There are a few prerequisites for creating your own scraper:
-
You must have an Amazon EKS cluster created.
-
Your Amazon EKS cluster must have cluster endpoint access control set to include private access. It can include private and public, but must include private.
Note
The cluster will be associated with the scraper by its Amazon resource name (ARN). If you delete a cluster, and then create a new one with the same name, the ARN will be reused for the new cluster. Because of this, the scraper will attempt to collect metrics for the new cluster. You delete scrapers separately from deleting the cluster.
The following is a full list of the scraper operations that you can use with the AWS API:
-
Create a scraper with the CreateScraper API operation.
-
List your existing scrapers with the ListScrapers API operation.
-
Delete a scraper with the DeleteScraper API operation.
-
Get more details about a scraper with the DescribeScraper API operation.
-
Get a general purpose configuration for scrapers with the GetDefaultScraperConfiguration API operation.
Note
The Amazon EKS cluster that you are scraping must be configured to allow Amazon Managed Service for Prometheus to access the metrics. The next topic describes how to configure your cluster.

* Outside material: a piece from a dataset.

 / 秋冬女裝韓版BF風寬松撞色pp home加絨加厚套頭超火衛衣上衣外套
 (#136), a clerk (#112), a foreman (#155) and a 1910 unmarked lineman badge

Common errors when creating scrapers
The following are the most common issues when attempting to create a new scraper.
-
Required AWS resources don't exist. The security group, subnet, and Amazon EKS cluster specified must exist.
-
Insufficient IP address space. You must have at least one IP address available in each subnet that you pass into the
CreateScraper
API.
Configuring your Amazon EKS cluster
Your Amazon EKS cluster must be configured to allow the scraper to access metrics. There are two options for this configuration:
-
Use Amazon EKS access entries to automatically provide Amazon Managed Service for Prometheus collectors access to your cluster.
-
Manually configure your Amazon EKS cluster for managed metric scraping.
The following topics describe each of these in more detail.

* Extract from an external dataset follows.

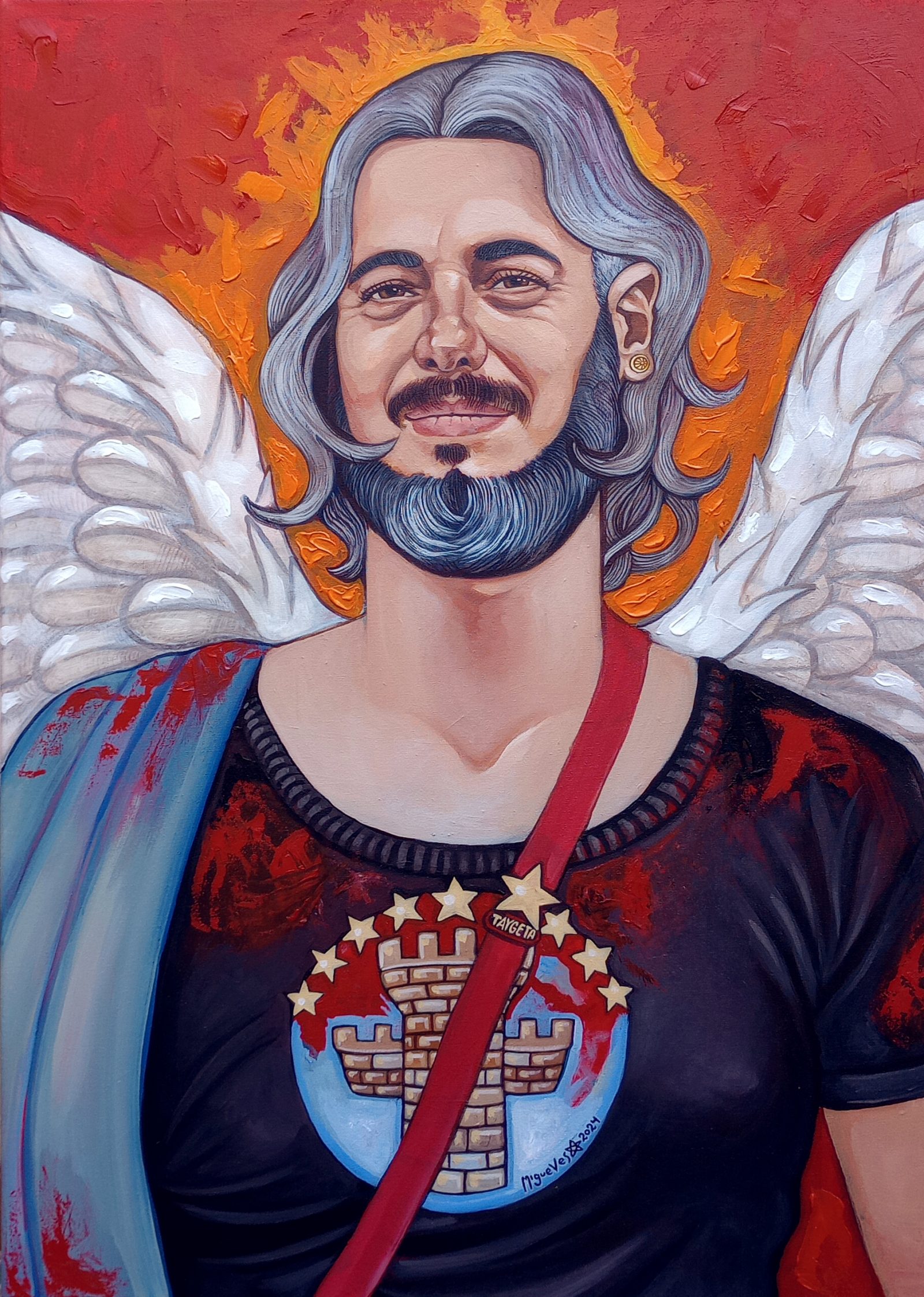 -Claro, mi mundo interior. Casi siempre mi obra habla de ese universo interno. De los temas que me apasionan; de dioses, del tarot; de la vida extraterrestre; de ciertos mitos. En esta muestra presento retratos de 21 actrices de películas que he estado viendo de los años 70. Son mujeres emblemáticas. Las que más me movilizan; una especie de musas para mí. Por ejemplo, mi principal inspiradora se llama Margit Carstensen, una artista alemana de las películas del director Rainer Werner Fassbinder. Ella me genera una fascinación importante. También, de otras películas aparecieron Catherine Deneuve, Fanny Ardant, Magdalena Montezuma, que también es otra actriz alemana. Después de Argentina elegí a Graciela Duffau, a Graciela Borges. Bueno. Y otras estrellas de películas de distintos directores de Estados Unidos y Alemania. También incluí en la muestra un autorretrato principal. A él sumo representaciones mías a través de deidades vinculadas a distintas tradiciones espirituales y mitológicas. Creo que eso me permite mostrar mi yo espiritual a través de personajes como por ejemplo el Arcángel Miguel, Santa Bárbara, la diosa Hera -que siempre aparecen en mi pintura-, y que esta vez van a estar como protagonistas.

Configure Amazon EKS for scraper access with access entries
Using access entries for Amazon EKS is the easiest way to give Amazon Managed Service for Prometheus access to scrape metrics from your cluster.
The Amazon EKS cluster that you are scraping must be configured to allow API
authentication. The cluster authentication mode must be set to either
API
or API_AND_CONFIG_MAP
. This is viewable in the
Amazon EKS console on the Access configuration tab of the
cluster details. For more information, see Allowing IAM roles or users
access to Kubernetes object on your Amazon EKS cluster in the Amazon EKS User Guide.
You can create the scraper when creating the cluster, or after creating the cluster:
-
When creating a cluster – You can configure this access when you create an Amazon EKS cluster through the Amazon EKS console (follow the instructions to create a scraper as part of the cluster), and an access entry policy will automatically be created, giving Amazon Managed Service for Prometheus access to the cluster metrics.
-
Adding after a cluster is created – if your Amazon EKS cluster already exists, then set the authentication mode to either
API
orAPI_AND_CONFIG_MAP
, and any scrapers you create through the Amazon Managed Service for Prometheus API or CLI will automatically have the correct access entry policy created for you, and the scrapers will have access to your cluster.
Access entry policy created
When you create a scraper and let Amazon Managed Service for Prometheus generate an access entry policy for you, it generates the following policy. For more information about access entries, see Allowing IAM roles or users access to Kubernetes in the Amazon EKS User Guide.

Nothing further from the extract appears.